Time Limit: 2000/1000 MS (Java/Others)    Memory Limit: 65536/32768 K (Java/Others)
Total Submission(s): 7737    Accepted Submission(s): 3070

Problem Description

Astronomers
often examine star maps where stars are represented by points on a
plane and each star has Cartesian coordinates. Let the level of a star
be an amount of the stars that are not higher and not to the right of
the given star. Astronomers want to know the distribution of the levels
of the stars.

For
example, look at the map shown on the figure above. Level of the star
number 5 is equal to 3 (it‘s formed by three stars with a numbers 1, 2
and 4). And the levels of the stars numbered by 2 and 4 are 1. At this
map there are only one star of the level 0, two stars of the level 1,
one star of the level 2, and one star of the level 3.

You are to write a program that will count the amounts of the stars of each level on a given map.

Input

The
first line of the input file contains a number of stars N
(1<=N<=15000). The following N lines describe coordinates of stars
(two integers X and Y per line separated by a space,
0<=X,Y<=32000). There can be only one star at one point of the
plane. Stars are listed in ascending order of Y coordinate. Stars with
equal Y coordinates are listed in ascending order of X coordinate.

Output

The
output should contain N lines, one number per line. The first line
contains amount of stars of the level 0, the second does amount of stars
of the level 1 and so on, the last line contains amount of stars of the
level N-1.

Sample Input

5
1 1
5 1
7 1
3 3
5 5

Sample Output

1
2
1
1
0

Source

Ural Collegiate Programming Contest 1999

题意:平面上有n颗星星,每颗星星的等级是由其左下角的星星数量决定的，问每个等级的星星有多少?注意：星星的输入是按y轴递增输入的，y相等则按x轴递增输入。

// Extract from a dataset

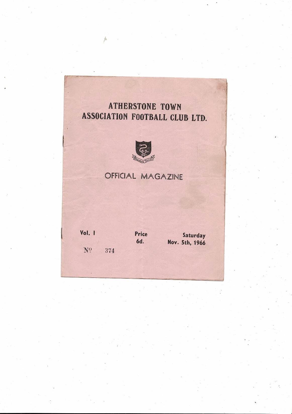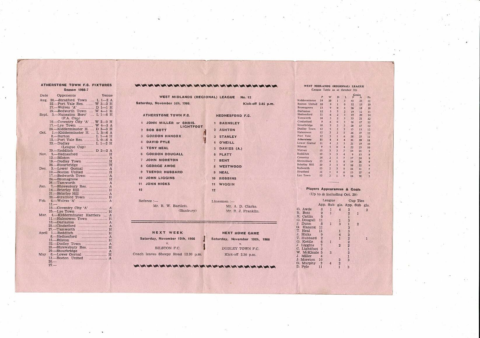 1966/67 Atherstone Town v Hednesford Football Programme

题解：这题是怎么想到树状数组的。。。。。因为y轴是按照递增输入的，所以只要考虑x轴的，每次输入x轴的坐标,我们先计算一下其左边的点的数量,这里用到了求和操作，因为已经按照y轴排好序,所以小于等于x的我们都可以加上，然后我们更新其后面x轴大于它的所有点。统计输出即可。

#include <iostream>
#include <stdio.h>
#include <string.h>
using namespace std;
const int N = 32005;
int c[N];
int res[N];
int n;
int lowbit(int x){
    return x&(-x);
}
void update(int idx,int x){
    for(int i=idx;i<=N;i+=lowbit(i)){
        c[i]+=x;
    }
}
int sum(int idx){
    int v=0;
    for(int i=idx;i>=1;i-=lowbit(i)){
        v+=c[i];
    }
    return v;
}
int main()
{

    while(scanf("%d",&n)!=EOF){
        memset(c,0,sizeof(c));
        memset(res,0,sizeof(res));
        for(int i=1;i<=n;i++){
            int x,y;
            scanf("%d%d",&x,&y);
            x++;
            res[sum(x)]++;
            update(x,1);
        }
        for(int i=0;i<n;i++){
            printf("%d\n",res[i]);
        }
    }
    return 0;
}